DATA IN THIS EXERCISE —
☆ ☆ ☆ ☆ ☆

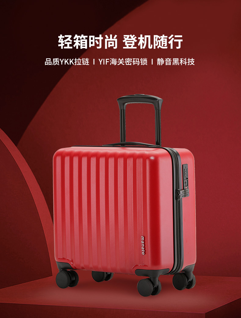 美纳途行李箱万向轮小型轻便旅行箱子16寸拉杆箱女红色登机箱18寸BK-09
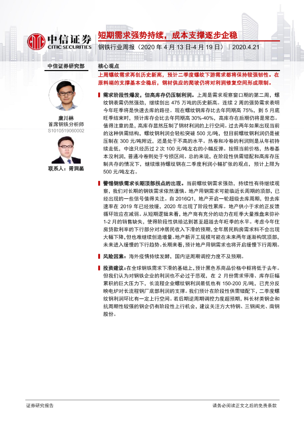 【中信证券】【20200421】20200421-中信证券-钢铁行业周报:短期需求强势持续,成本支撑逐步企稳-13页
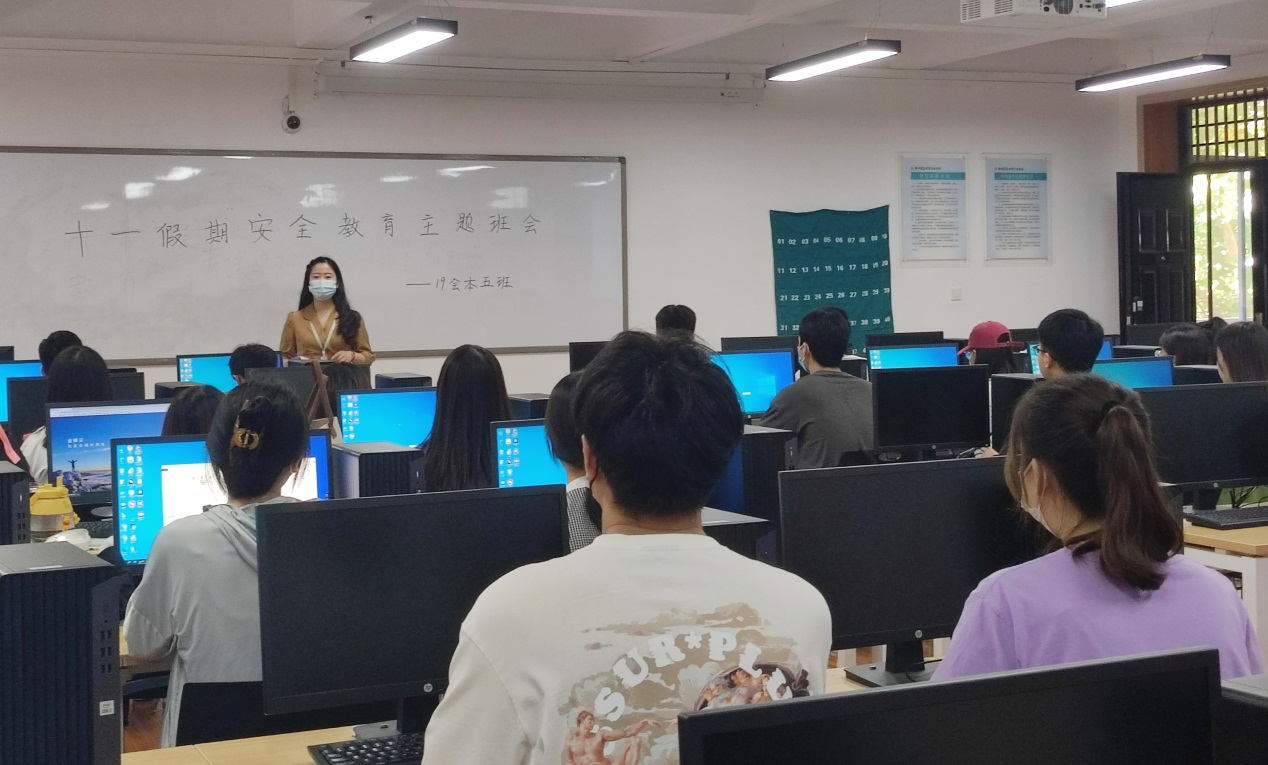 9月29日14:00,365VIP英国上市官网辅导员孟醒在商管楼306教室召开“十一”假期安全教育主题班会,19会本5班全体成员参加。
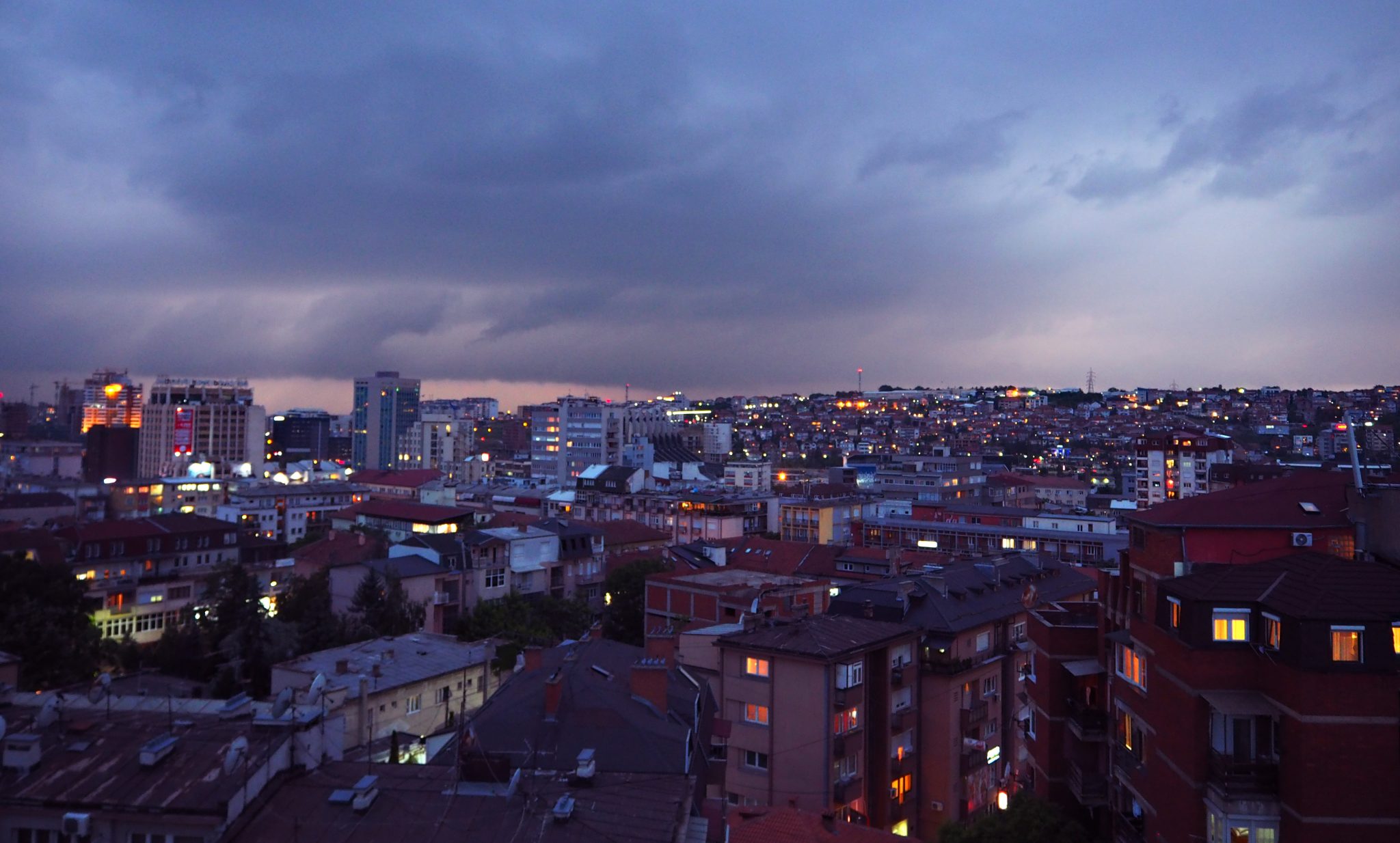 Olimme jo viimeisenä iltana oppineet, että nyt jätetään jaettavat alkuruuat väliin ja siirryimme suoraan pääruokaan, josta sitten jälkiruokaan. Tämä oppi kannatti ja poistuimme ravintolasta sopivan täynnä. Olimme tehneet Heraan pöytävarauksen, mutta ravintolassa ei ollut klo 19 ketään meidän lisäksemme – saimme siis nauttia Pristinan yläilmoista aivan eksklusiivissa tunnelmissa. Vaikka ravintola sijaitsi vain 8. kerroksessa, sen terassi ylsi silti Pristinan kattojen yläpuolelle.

☆ ☆ ☆ ☆ ☆

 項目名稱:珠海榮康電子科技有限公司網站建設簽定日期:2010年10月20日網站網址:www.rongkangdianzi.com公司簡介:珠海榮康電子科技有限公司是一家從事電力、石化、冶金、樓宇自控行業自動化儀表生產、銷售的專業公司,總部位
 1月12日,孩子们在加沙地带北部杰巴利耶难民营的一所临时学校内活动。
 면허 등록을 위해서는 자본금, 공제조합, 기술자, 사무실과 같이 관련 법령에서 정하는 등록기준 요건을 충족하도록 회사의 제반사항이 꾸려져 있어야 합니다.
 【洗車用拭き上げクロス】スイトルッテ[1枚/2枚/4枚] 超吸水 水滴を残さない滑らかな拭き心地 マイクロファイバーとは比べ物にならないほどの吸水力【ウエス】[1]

☆ ☆ ☆ ☆ ☆

WHAT THE TASK ASKS —
What you need to produce is an exact copy of the entries above, limited to the lines from the one with "美纳途行李箱万向轮小型轻便旅行箱子16寸拉杆箱女红色登机箱18寸BK-09" up to and including the one with "9月29日14:00,365", without pictures.

RESPONSE AREA —
 美纳途行李箱万向轮小型轻便旅行箱子16寸拉杆箱女红色登机箱18寸BK-09
 【中信证券】【20200421】20200421-中信证券-钢铁行业周报:短期需求强势持续,成本支撑逐步企稳-13页
 9月29日14:00,365VIP英国上市官网辅导员孟醒在商管楼306教室召开“十一”假期安全教育主题班会,19会本5班全体成员参加。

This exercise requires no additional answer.